ROMAS: A Role-Based Multi-Agent System for Database monitoring and Planning

TL;DR

ROMAS addresses limitations in existing large-language-model powered MAS by introducing a role-based architecture with planner, monitor, and workers, augmented by a global monitor, self-planning, and self-monitoring. It integrates with DB-GPT and AWEL to enable low-code development and enhanced database interactions, enabling deployment in real-world data-analytic tasks. The core contributions include a three-phase workflow (initialization, execution, replanning), a memory hierarchy for efficient inter-agent communication, and a gap-narrow replanning strategy that minimizes modification costs while correcting errors. Empirical results on FAMMA and HotpotQA demonstrate ROMAS’ superiority over baselines and show that DB-GPT-based development reduces code size and accelerates task execution, highlighting practical impact for scalable, adaptable MAS in data analytics.

Abstract

In recent years, Large Language Models (LLMs) have demonstrated remarkable capabilities in data analytics when integrated with Multi-Agent Systems (MAS). However, these systems often struggle with complex tasks that involve diverse functional requirements and intricate data processing challenges, necessitating customized solutions that lack broad applicability. Furthermore, current MAS fail to emulate essential human-like traits such as self-planning, self-monitoring, and collaborative work in dynamic environments, leading to inefficiencies and resource wastage. To address these limitations, we propose ROMAS, a novel Role-Based M ulti-A gent System designed to adapt to various scenarios while enabling low code development and one-click deployment.

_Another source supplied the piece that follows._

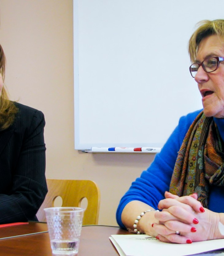 La députée de Montarville en discussion avec Mme Thiemmens, présidente du Centre d’action bénévole de…

ROMAS has been effectively deployed in DB-GPT [Xue et al., 2023a, 2024b], a well-known project utilizing LLM-powered database analytics, showcasing its practical utility in real-world scenarios. By integrating role-based collaborative mechanisms for self-monitoring and self-planning, and leveraging existing MAS capabilities to enhance database interactions, ROMAS offers a more effective and versatile solution. Experimental evaluations of ROMAS demonstrate its superiority across multiple scenarios, highlighting its potential to advance the field of multi-agent data analytics.

Figures (7)

• Figure 1: ROMAS framework. The blue lines represent key message exchanged between agents and DB-GPT, the orange lines signify the three distinct phases of ROMAS, and the green lines denote each agent's internal planning and reflection processes.
• Figure 2: Initialization phase of ROMAS, the planner is primarily responsible for two steps: self-planning and self-reflection. In self-planning, the planner generates the agent team and arranges subtask list. In self-reflection, these strategies are validated for logical consistency.
• Figure 3: Execution phase of ROMAS, workers execute tasks based on the strategies formulated by the planner, monitor classifies errors and decides to either fix them directly or report to the planner for re-planning.
• Figure 4: Re-plannig phase of ROMAS, planner receives global critical information and modification recommendation from the monitor to generate a new strategy for the current round.
• Figure 5: Figure 1 shows the average proportions of different subtask types in the FAMMA and HotpotQA. Figure 2 presents the average number of workers generated, the average self-reflection frequency per agent, and the average replanning frequency of the planner. Figure 3 displays the average proportions of instructions and recommendations given by the monitor.